The center’s mission is to increase the capacity of communities to improve population health utilizing a community health development approach. The overall goal of CCHD is to stimulate research, education, program planning and implementation, dissemination, and evaluation as partners with communities for the ultimate purpose of improving population health status. Through existing and future relationships within the Texas A&M University System and various communities across the nation, CCHD will be able to capitalize on the resources and expertise of our partners.
Partnering with Communities to Understand and Address Health Disparities
Rural, minority, and low-income populations often face significant health disparities based on a host of factors. CCHD’s interdisciplinary research team has partnered with communities across Texas to formally assess health in their communities, identify priorities, develop strategies to address their priorities, and evaluate the effectiveness of these strategies when implemented. These community-based projects have focused on a broad range of issues, including access to care, diabetes prevention and management, access to healthy food, breast cancer screening and treatment, affordable transportation to services, access to mental health services, childhood obesity, cancer survivorship, and health coverage options for employees of small businesses.

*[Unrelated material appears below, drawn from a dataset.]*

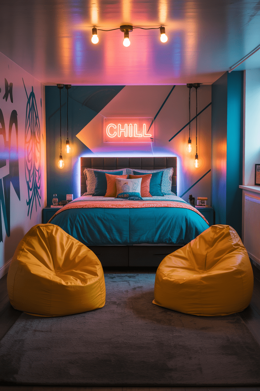 Basements make the ultimate teen space. Think LED lighting, bold colors, and comfy seating alongside the bed. This type of teenage basement bedroom idea feels like a mix of a bedroom and hangout zone.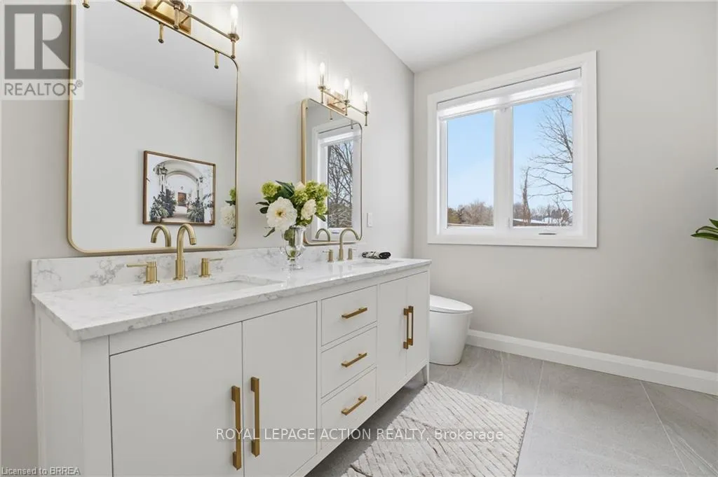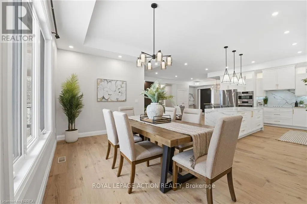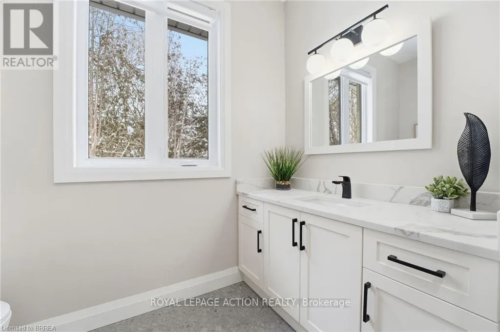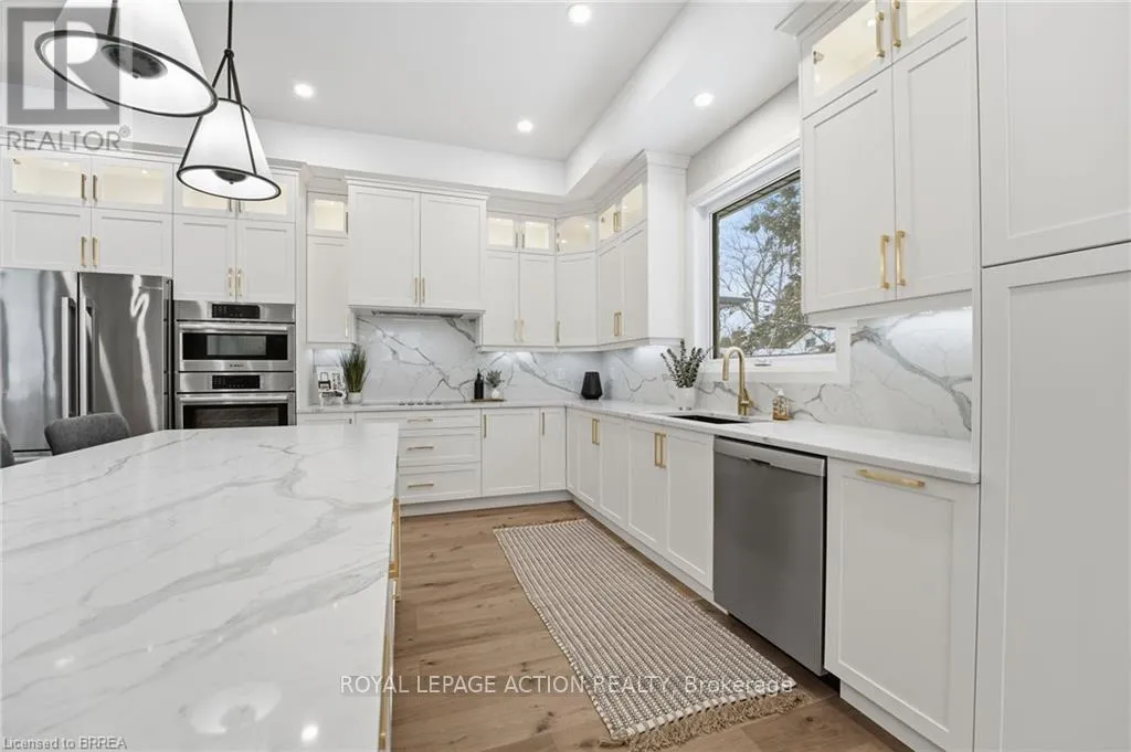 Cross Streets: Oakland Road. ** Directions: Highway 24 to Oakland Road to Kings Lane. This stunning 2,119 sq ft executive bungalow delivers the perfect balance of luxury finishes, thoughtful design, and peaceful country living minutes from the city! Set on a 0.63-acre lot, this home offers exceptional curb appeal with a 3 car garage and ample parking for vehicles, toys, or trailers. A standout feature is the pull-through door on the back of the garage, perfect for hobbyists, car enthusiasts, or anyone needing extra storage and functionality. Step inside to a bright, sophisticated interior featuring 10ft ceilings, 7ft doors, and engineered hardwood flooring throughout. The stunning chef's kitchen is thoughtfully designed with high-end appliances, premium cabinetry, and elegant quartz countertops & backsplash. With generous prep space & a layout ideal for entertaining, the kitchen flows effortlessly into the spacious dining area & bright living room. You will find a custom gas fireplace with built-in cabinetry, creating a warm and elevated gathering space. Step onto the covered back porch and take in the peaceful views of your scenic backyard. The home offers 3 bedrooms, including a luxurious primary suite with walk-in closet and spa-like ensuite with double vanity & glass shower. Two additional bedrooms & a 4pc main bathroom provide comfort for family or guests. For everyday convenience, enjoy a large mudroom/laundry room off the garage and a 2pc powder room to complete the main level. The basement offers exceptional future potential with 9ft ceilings, large windows, and garage access, making it ideal for a future in-law suite, additional living space, or custom development. Located in the charming Town of Scotland, this home offers the tranquility of country living with the convenience of being close to the HWY and amenities. A true modern executive bungalow, built with quality, attention to detail, and craftsmanship throughout. This is an amazing opportunity to own a newly built luxury home on a premium lot! (id:27476)

Training Lay and Professional Public Health Practitioners
As part of our mission, CCHD extends training and technical assistance to individuals and organizations already engaged in community-based health programs and research. Drawing from the expertise and experience of our network of affiliated faculty members, the center’s trainings have focused on topics such as logic modeling, evaluation, grant writing, funding diversity, community-based participatory research, network analysis, strategic planning, organizational development, and leadership development. In addition, CCHD is certified as a community health worker/promotora training center by the Texas Department of State Health Services. Through our projects, we have provided over 89,000 hours of training to more than 2,770 promotoras in Texas in topics such as diabetes management, mental health, breast cancer prevention, solid waste disposal, and immunizations.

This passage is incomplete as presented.